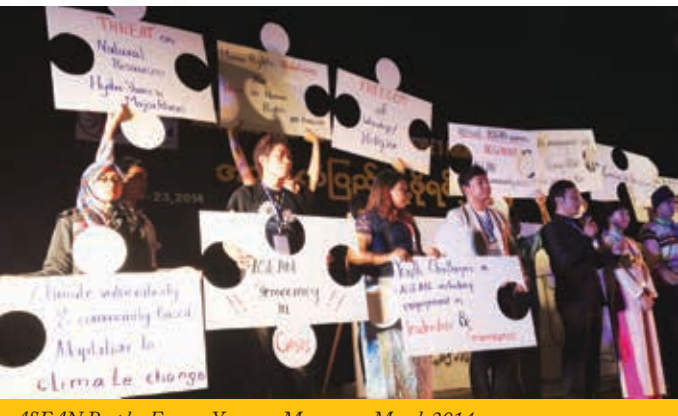
ASEAN Peoples Forum, Yangon, Myanmar, March 2014.
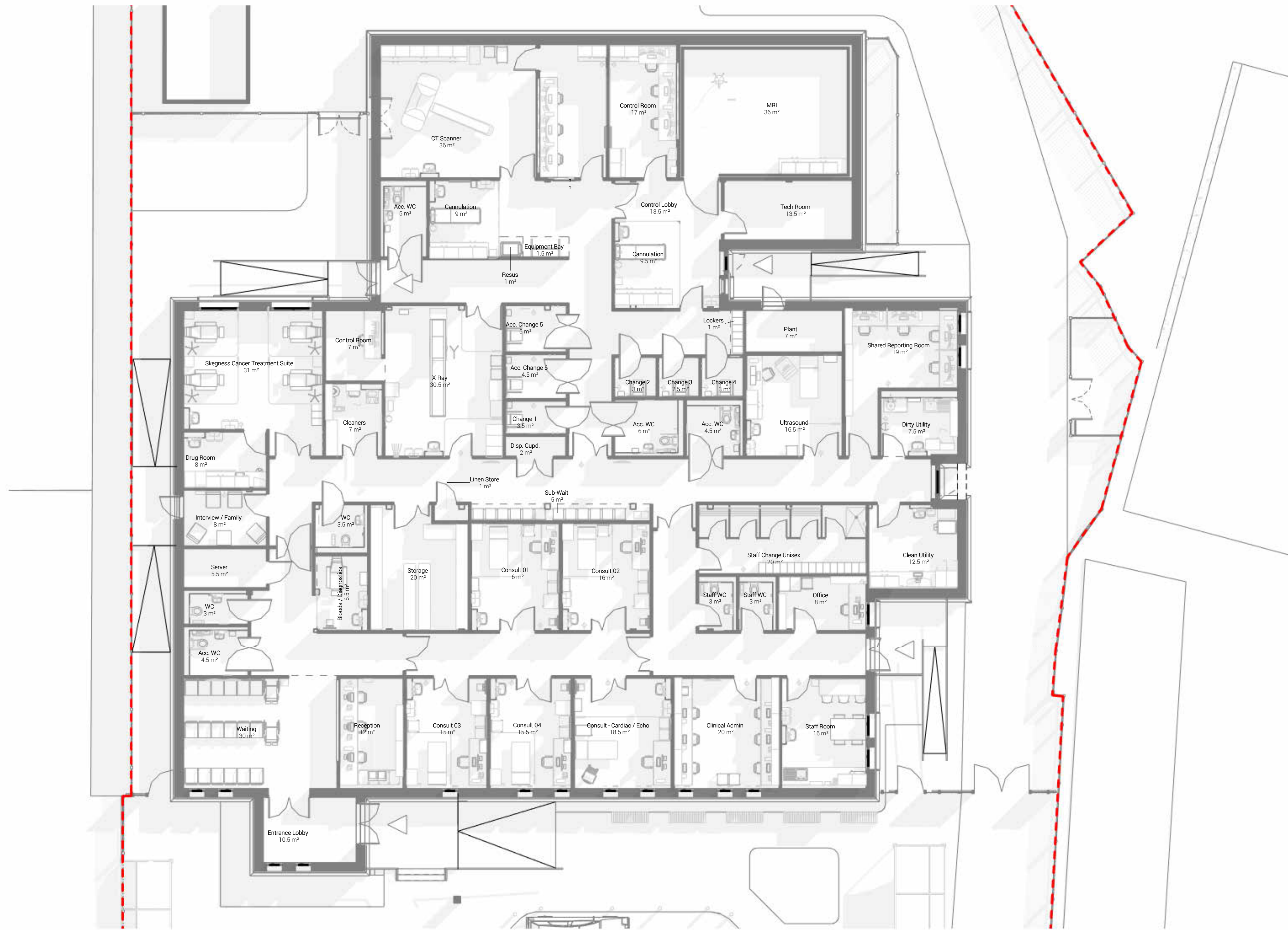
Level 00 - Proposed GA Plan 1:100
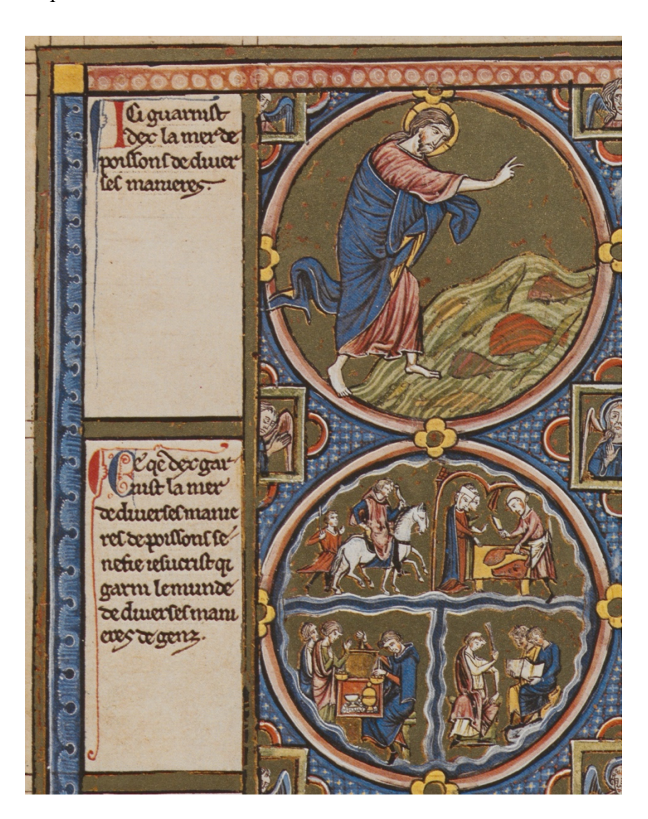
ill. 1: Vienna, Österreische Nationalbibliothek, Codex Vindobonensis 2554, fol. 1v (A/a), c. 1220-23.
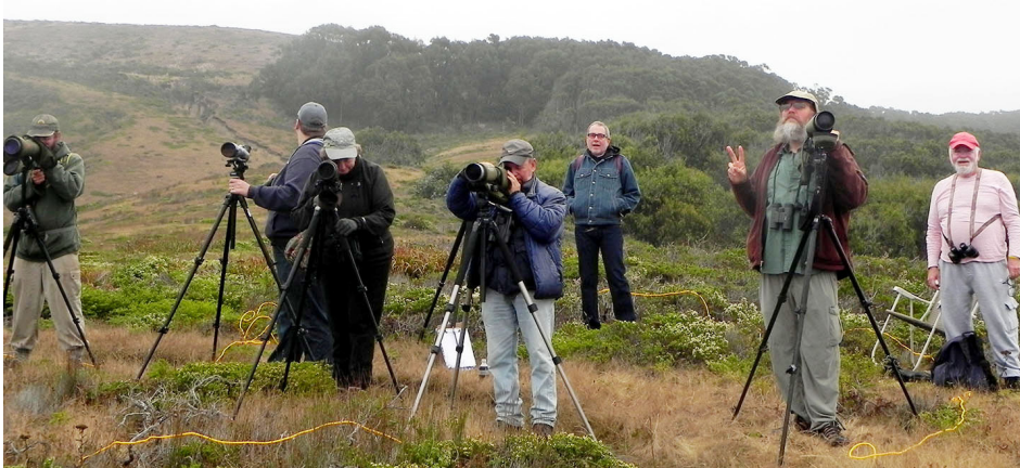
The First Big SIT! October 9, 2011 at Pescadero Marsh.
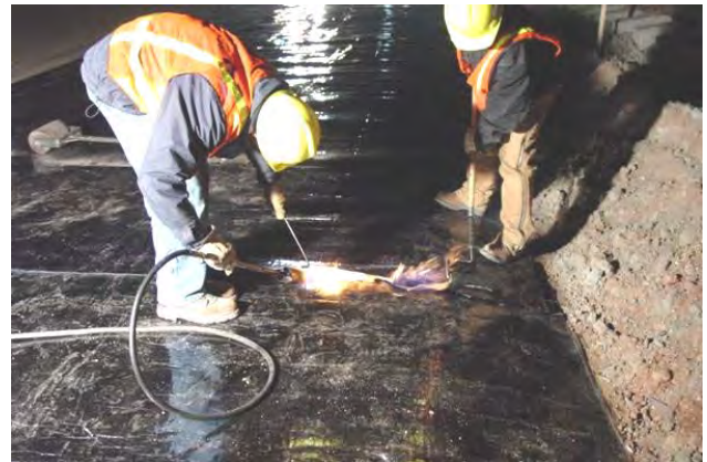
Figure 8: Welding the Membrane

As each roll is completed, the next roll is welded to the previous using a simple yet effective thermal welding process. The simplicity and effectiveness of the welding method for this type of geomembrane liner is a major benefit. The end of each roll of geomembrane is lifted slightly, and a propane gas torch is used to heat and liquefy the bitumen (Figure 8). The two layers of material are then brought together and then rolled with a light hand held roller to produce a continuous seam. The very edge is then heated and toweled over to remove any possibility of failure.
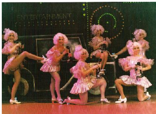
Crazy for You -1998
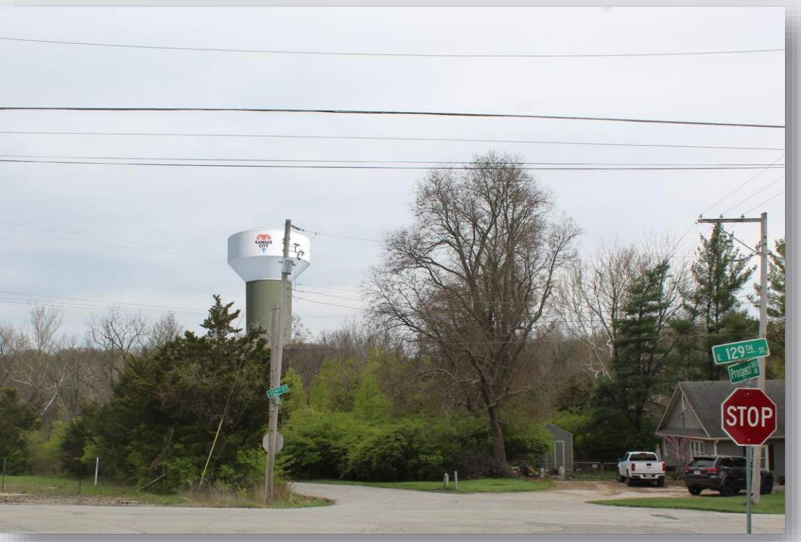
Proposed Prospect Elevated Water Tank views from Robinson Pike Road and 129<sup>th</sup> and Prospect in south Kansas City, Missouri
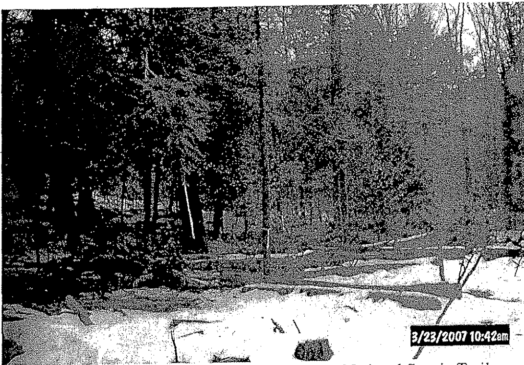
View of well site 7-18 from North Country National Scenic Trail
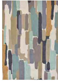
TRATTINO sea glass 444804
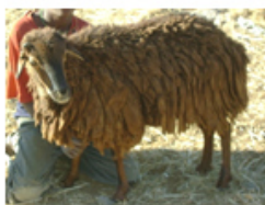
Atsibi ewe with course wool (local name is Jimo)
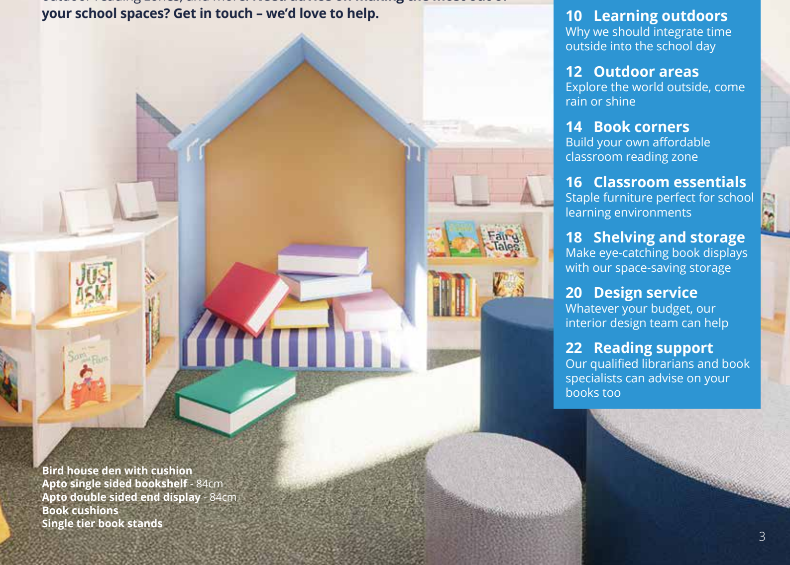
Bird house den with cushion Apto single sided bookshelf - 84cm Apto double sided end display - 84cm Book cushions Single tier book stands

Our interior design team are passionate about creating bespoke reading and learning spaces which excite children of all ages. We've packed this brochure full of inspiration for early years settings and Key Stage 1 and 2 classrooms, outdoor reading zones, and more. Need advice on making the most out of your school spaces? Get in touch - we'd love to help.
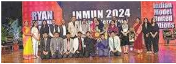
The delegates from various Ryan schools participated in the MUN conference

The conference provided a platform for delegates to experience the complexities of international relations and develop leadership, public speaking, and negotiation skills. Dur-
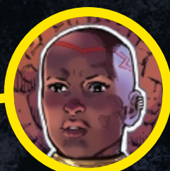
OKOYE DIRECTOR OF THE A.O.W. AND LEADER OF THE DORA MILAJE
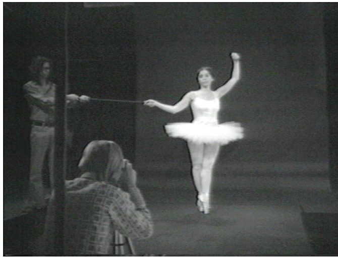
Figure 5. Eleanor Antin, Caught in the Act, 1973. Single-channel video, black and white, sound; 36:00 minutes.

of failure and success in the act of self-reproduction is a topic I address in the following section in conversation with the use of blackface.
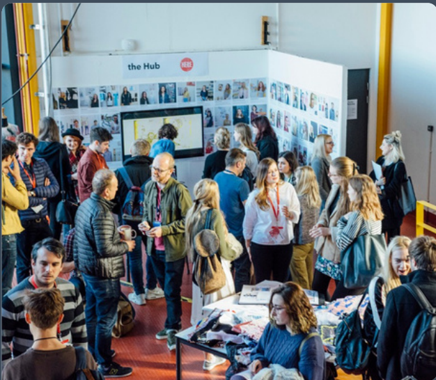
EASTBOURNE OPEN EVENT 2023 ↓

________________

When you reach the line with "ill. 1: Vienna, Österreische" in the records above, start writing out each line exactly, and stop after the line with "Figure 8: Welding the Membrane". Pictures stay out.

(SOLUTION BELOW)
ill. 1: Vienna, Österreische Nationalbibliothek, Codex Vindobonensis 2554, fol. 1v (A/a), c. 1220-23.
The First Big SIT! October 9, 2011 at Pescadero Marsh.
Figure 8: Welding the Membrane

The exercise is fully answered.